Stephanie: ‘We gebruiken hiervoor een aantal tools die zijn gemaakt door het Impactlab. Dat is opgezet door twee wetenschappers die onderzoek doen naar hoe je impact kunt meten. Ze hebben een basisvragenlijst gemaakt en een gereedschapskistje samengesteld met verschillende vormen waarin je die vragen kunt gieten. Van uitgebreide surveys op het Betweter Festival tot één-op-één gesprekjes in een wijkbibliotheek na het praatje van een wetenschapper. Soms gaan we uitgebreid op de ervaring in, soms vragen we alleen maar: wat vond je ervan?’

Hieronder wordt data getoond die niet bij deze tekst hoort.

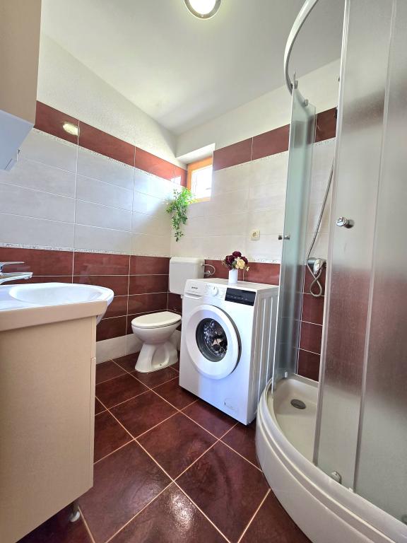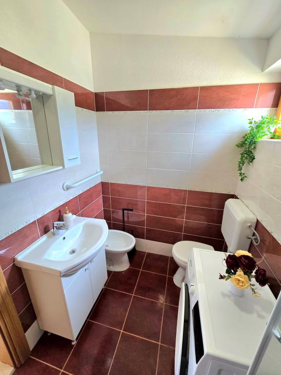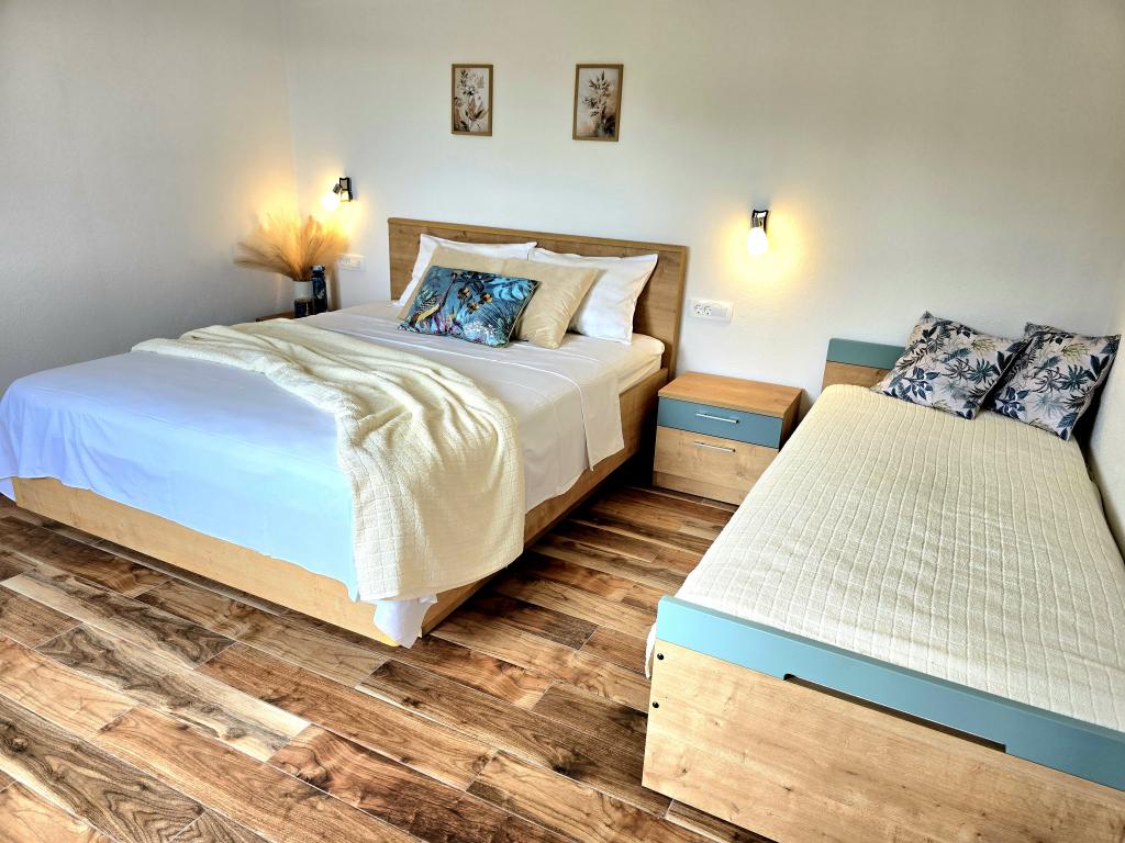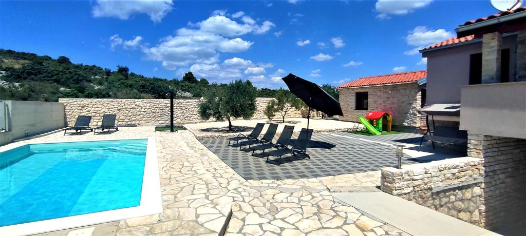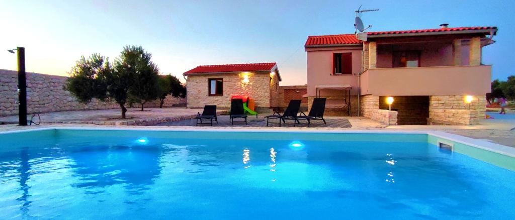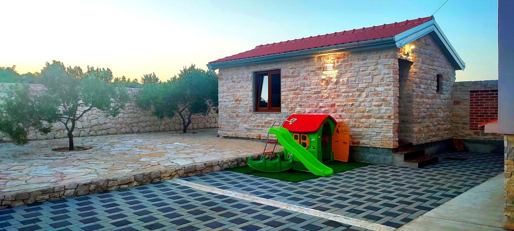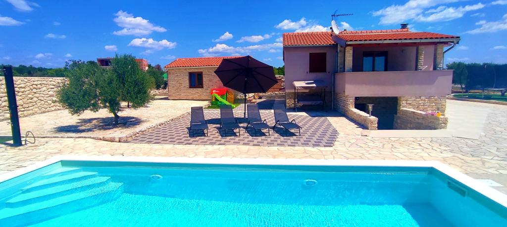 Casa noastră de vacanță este o evadare ideală de aglomerația orașului și de stresul acumulat și este adaptată și pentru cei mai mici. De pe terasă vă puteți bucura de priveliștea mării, care evocă senzația unei cățărări dalmate. Cu parcare privată, casa are 3 dormitoare și 2 băi, oferind confort pentru 7 persoane. Spațiul este climatizat, bucătăria este complet utilată și oferim și un pătuț și un cărucior pentru bebeluși - gratuit! Pentru mai multă plăcere, există o piscină mare, grătar în aer liber, Wi-Fi, Netflix, trambulină, bicicletă de fitness, cameră cu darts și tenis de masă și un colț pentru copii. Foarte aproape de cazare se află Lacul Vrana, pe care îl puteți explora pe bicicletele noastre. Așteptăm cu nerăbdare sosirea dumneavoastră!

Wat doe je met de antwoorden op zo’n toch vrij algemene vraag?
Stephanie: ‘Die zet ik in een Excelbestand en daar laat ik dan een analysemodel op los, dat in de museumwereld veel gebruikt wordt voor kwalitatief onderzoek. Je turft woorden die vaak terugkomen en categoriseert die. En daaruit kan je dan iets afleiden, bijvoorbeeld of mensen een positieve of negatieve ervaring hebben gehad, en welke woorden daarbij vaak genoemd worden. In dit geval kwam vaak terug dat mensen zich gehoord voelden door wetenschappers. Het handige is dat we bij de universiteit werken, dus er zijn altijd onderzoekers die even met ons mee willen kijken.’

Hebben de uitkomsten van het onderzoek invloed op de programmering?
Stephanie: ‘Ja, soms wel. Een goed voorbeeld is het programma Meet the Professor, waarbij zo’n honderd hoogleraren naar basisscholen in Utrecht fietsen, allemaal in hun toga. Ze geven daar een uurtje les. Doel van het programma is om stereotypes over wetenschap en wetenschappers te verminderen bij kinderen. Dat ze er niet allemaal uitzien als Einstein met ontploft haar en het ook lang niet allemaal oudere witte mannen zijn. Uit de impactmetingen bleek dat het doel van minder stereotiep denken alleen maar werd gehaald als die wetenschappers er divers uitzagen. Sinds vorig jaar nemen de hoogleraren daarom een jonge onderzoeker mee uit hun vakgroep. Ook worden de gezichten die meedoen aan Meet the Professor op een poster gezet die alle scholen krijgen.’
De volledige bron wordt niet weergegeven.